Let's solve the problem step by step.

a. Finding the Mean

The mean (average) of a set of numbers is calculated by summing all the values and dividing by the number of values.

Given dataLet's solve the problem step by step.

a. Finding the Mean

The mean (average) of a set of numbers is calculated by summing all the values and dividing by the number of values.

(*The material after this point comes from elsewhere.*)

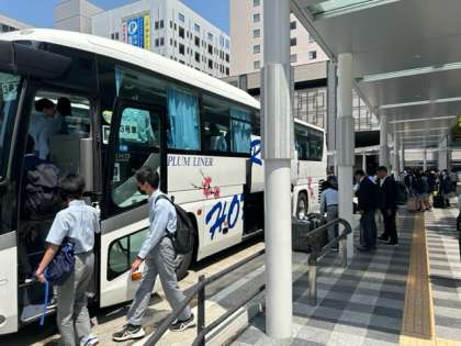 晴天の中、定刻通りに博多駅に到着し、バスへ移動しました。これから昼食会場のホテル『龍登園』に向かいます。現在、11時10分です。約1時間で到着します。早朝集合のため、「お腹が減った」の声があちこちで聞こえています。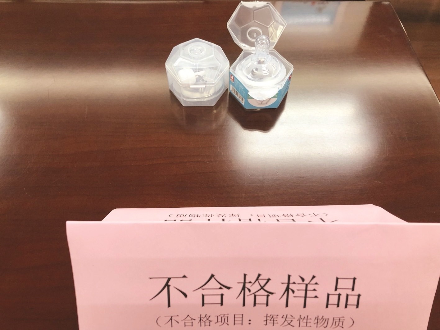 此次市場監(jiān)管部門還抽查了10批次奶嘴產品,經檢驗,9批次合格,不合格1批次,不合格項目為揮發(fā)性物質。

Given $8.8, 7.1, 7.2, 8.2, 7.6, 8.6$

The mean $\bar{x}$ is calculated as: $\bar{x} = \frac{\sum_{i=1}^{n} x_i}{n}$ Where $n = 6$ is the number of samples, and $x_i$ are the observed values.

$\bar{x} = \frac{8.8 + 7.1 + 7.2 + 8.2 + 7.6 + 8.6}{6}$

$\bar{x} = \frac{47.5}{6} \approx 7.92 \, \text{mg/L}$

b. Finding the Variance

The variance measures how much the values differ from the mean.

The formula for variance $\sigma^2$ is: $\sigma^2 = \frac{\sum_{i=1}^{n} (x_i - \bar{x})^2}{n}$

1. Calculate the differences from the mean for each sample:

   • $8.8 - 7.92 \approx 0.88$
   • $7.1 - 7.92 \approx -0.82$
   • $7.2 - 7.92 \approx -0.72$
   • $8.2 - 7.92 \approx 0.28$
   • $7.6 - 7.92 \approx -0.32$
   • $8.6 - 7.92 \approx 0.68$

2. Square each difference:

   • $0.88^2 \approx 0.7744$
   • $(-0.82)^2 \approx 0.6724$
   • $(-0.72)^2 \approx 0.5184$
   • $0.28^2 \approx 0.0784$
   • $(-0.32)^2 \approx 0.1024$
   • $0.68^2 \approx 0.4624$

3. Sum these squared differences:

   • $0.7744 + 0.6724 + 0.5184 + 0.0784 + 0.1024 + 0.4624 \approx 2.6084$

4. Finally, divide by the number of samples: $\sigma^2 = \frac{2.6084}{6} \approx 0.4347 \, \text{mg}^2/\text{L}^2$

Final Answers:

• Mean: $7.92 \, \text{mg/L}$
• Variance: $0.4347 \, \text{mg}^2/\text{L}^2$

Would you like more details or have any questions?

Related Questions:

1. How do you calculate the standard deviation from the variance?
2. What is the importance of variance in analyzing data?
3. How would the variance change if an additional sample were added?
4. Can variance be negative? Why or why not?
5. How does the sample size affect the variance and standard deviation?

Tip:

Always ensure that you square the differences when calculating variance to avoid cancellation of positive and negative deviations from the mean.